– Инна Сергеевна, вы, кажется, меня преследуете?!
Заговорила. Никогда бы не подумал, что она так многословна.
…Что теперь, когда подала заявление, может быть откровенной. Чтобы я не обольщался: ни моя репутация гениального менеджера, ни казарменного толка остроумие, ни тем более весьма своеобразная (тактичная девочка!) внешность ее не привлекают. Что явные признаки хорошего самца: красивый голос, большой нос (Гектор говорил: «У Гомера нос – навынос») и длинные пальцы, о которых талдычат дамы администрации (вот дряни! я их вышколил для эффективной работы, а они чем занимаются?!), ей не интересны. Что она не «стучала», а честно делала свое дело. И конечно, глупо отрицать: Александр Константинович ходил вокруг нее кругами, но она ясно дала понять, что никогда не будет его любовницей (вот вам и Парис! тускнеет парень, однако!). Что замужем и у нее дочь. Что муж – из немецкой семьи, сосланной в 41-м в Казахстан – развернул в Голландии успешный бизнес (да знаю я, внимательно читал справку из ФСБ, восхищаясь выращивающим цветы мужем; обожаю тюльпаны!), зовет к себе, и она скоро уедет. Что сама не понимает, почему ее так ко мне тянет, но это не любовь. Что припоминает рассказ Гамсуна, как вполне благополучную женщину швыряет к ничем не примечательному мужчине (Гамсуна, не Цвейга?), потому что в нем чувствуется что-то таинственное (точно, Гамсун!)… а потом выясняется, что он просто голоден, много дней подряд ничего не ел (не слишком ли много литературных реминисценций для одного дня, да еще и отдохновляющей субботы?). Вот и во мне что-то такое… и она сегодня вдруг поняла, что обязана быть рядом, потому что договор о строительстве комплекса – это мое, неизвестно, во имя чего, самоубийство, и она не позволит мне его подписать.
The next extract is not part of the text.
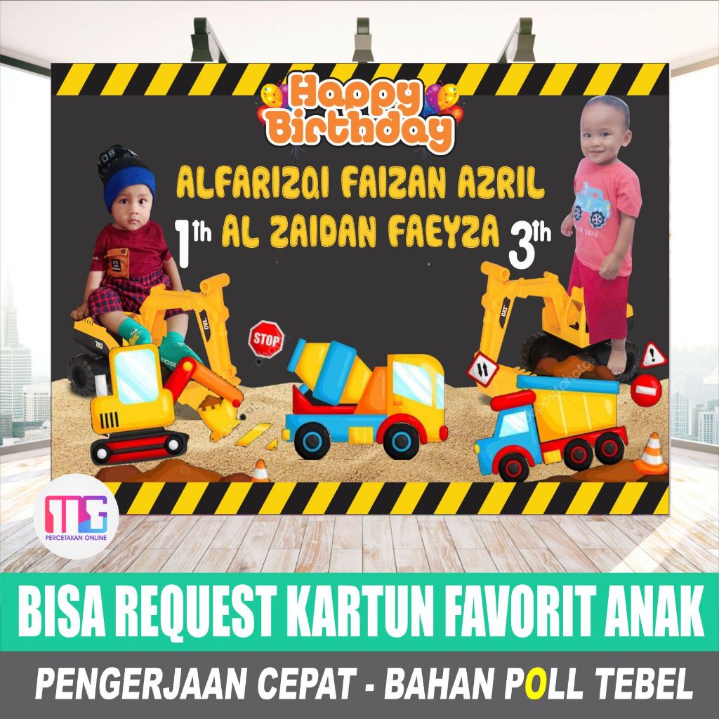 Excavator theme boy's birthday banner - excavator heavy equipment birthday banner

Пусть подписывает мэр (девонька, не ты ли мне всю игру сломаешь? тебя-то я в расчет не принимал!), пусть подписывает хоть президент, хоть генсек ООН, но мне – не позволит!.. Что рядом со мной – никого… Что рядом со мной будет она… Рядом – никого… Будет – она… Никого… Она…
Говорила, стуча кулачками по баранке, – и я пожалел рулевую колонку. Осторожно взял левую руку, повернул, разжал кулачок и стал легонько поглаживать запястье. Постепенно затихал сотрясающий пульс, пока почти не сравнялся с моим, феноменально редким…
Потом поехал к себе, не зная, зачем сяду за ноутбук – то ли насладиться податливостью клавиш, то ли утопить всего одну из них, «Delete»… И побегут слова, вчерашние и позавчерашние, к подмигивающему обрыву курсора, и будут срываться в никуда, как мы когда-то срывались с нависающих над рекой самых верхних ветвей вальяжных деревьев; срывались, колотясь от страха, но изо всех сил веря, что вынырнем, непременно вынырнем.
Глава четвертая
Звучит по-идиотски, но физиком я не стал в два этапа.